**How to complete this task**. From top to bottom, print the listing word for word and skip any pictures it contains.

**Recorded data**.
* * * *

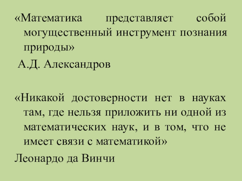 нет в науках там, где нельзя приложить ни одной из математических наук, и в том, что не имеет связи с математикой»
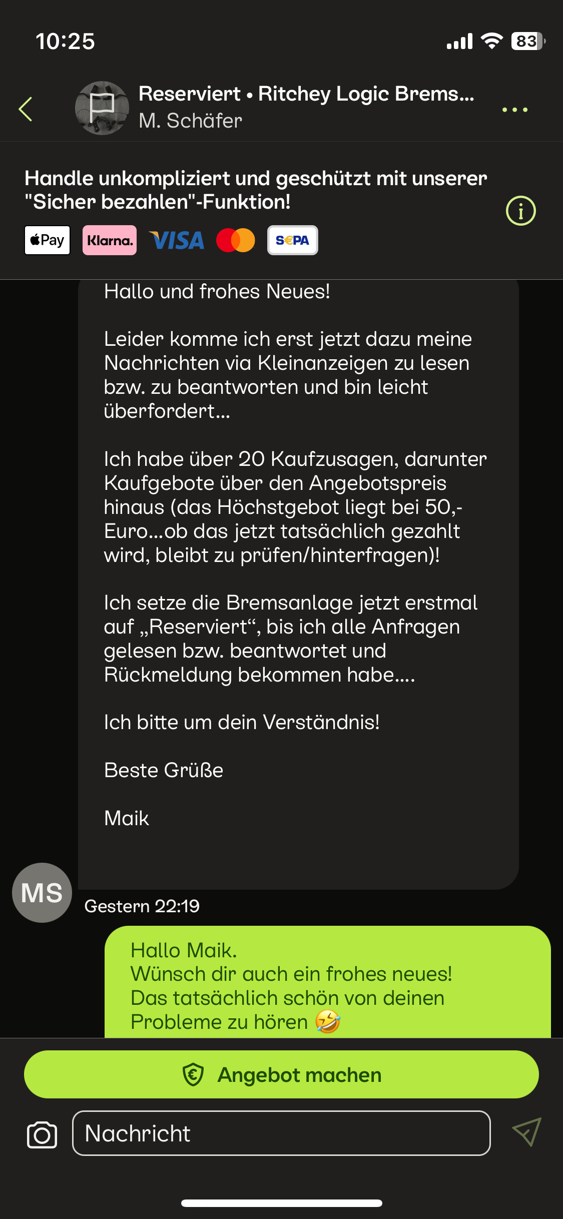 Aber für noch höhere Gebote ist mir der Zustand zu schlecht… 🤷🏿‍♂️
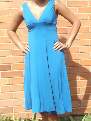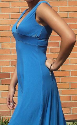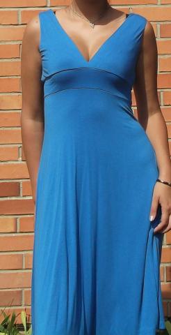 Visiškai nauja, ryškiai mėlyna suknelė.
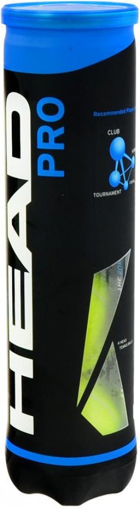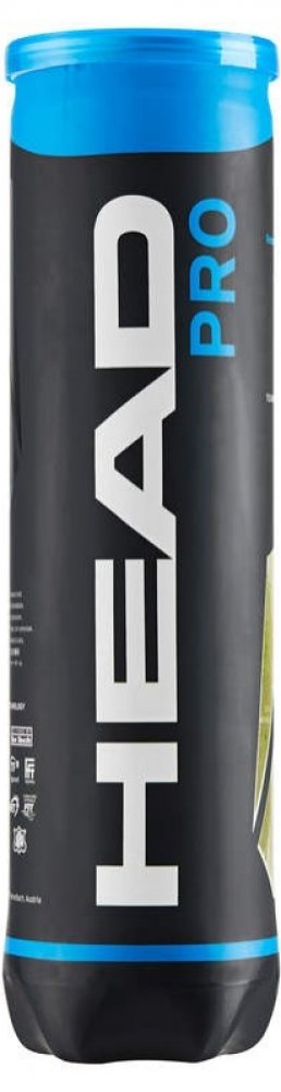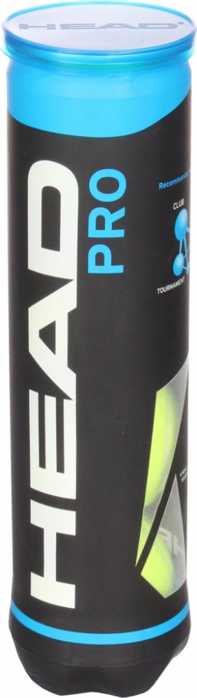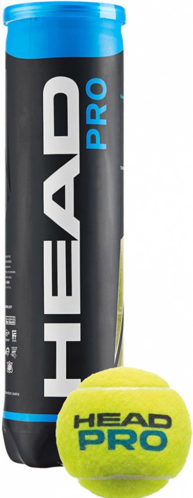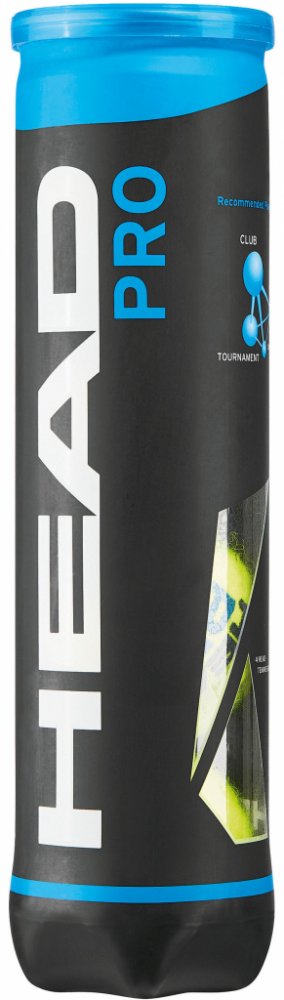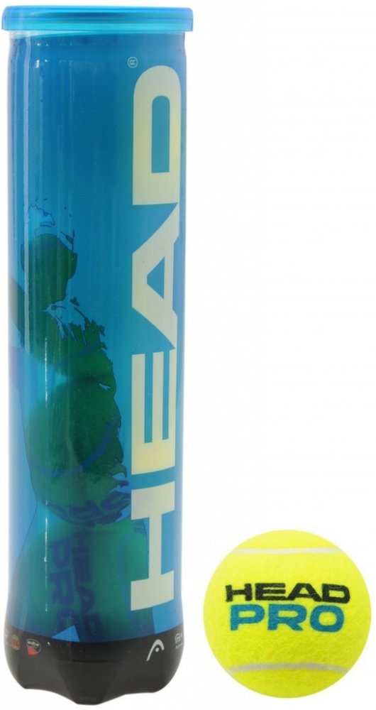 Univerzální tenisové míčky na tvrdý povrch nebo antuku. Tuba 4 míčků. Míčky Head Pro jsou poddajné a pohodlně se s nimi hraje. Ideální na živější, kontrolované odpaly. Tuba 4 míčků. |Míčky jsou vhodné na tvrdý povrch a na antuku. Díky nižší tvrdosti se snadno používá a poskytuje dobrý pocit kontroly nad odpalem. |Míček má jádro z přírodního kaučuku. To zlepšuje kvalitu odskoku. |57,7 g. Norma ITF: 56 až 59,4 g. |6,54 cm. Norma ITF: 6,54 až 6,86 cm. |144 cm (míček puštěný z výšky 2,54 m). Norma ITF: 135 až 147 cm. |Pohodlný míček s nižší viskozitou pro velmi pohodlnou hru. Index viskozity míčku se počítá měřením deformace míčku.

* * * *

**Result**.
 нет в науках там, где нельзя приложить ни одной из математических наук, и в том, что не имеет связи с математикой»
 Aber für noch höhere Gebote ist mir der Zustand zu schlecht… 🤷🏿‍♂️
 Visiškai nauja, ryškiai mėlyna suknelė.
 Univerzální tenisové míčky na tvrdý povrch nebo antuku. Tuba 4 míčků. Míčky Head Pro jsou poddajné a pohodlně se s nimi hraje. Ideální na živější, kontrolované odpaly. Tuba 4 míčků. |Míčky jsou vhodné na tvrdý povrch a na antuku. Díky nižší tvrdosti se snadno používá a poskytuje dobrý pocit kontroly nad odpalem. |Míček má jádro z přírodního kaučuku. To zlepšuje kvalitu odskoku. |57,7 g. Norma ITF: 56 až 59,4 g. |6,54 cm. Norma ITF: 6,54 až 6,86 cm. |144 cm (míček puštěný z výšky 2,54 m). Norma ITF: 135 až 147 cm. |Pohodlný míček s nižší viskozitou pro velmi pohodlnou hru. Index viskozity míčku se počítá měřením deformace míčku.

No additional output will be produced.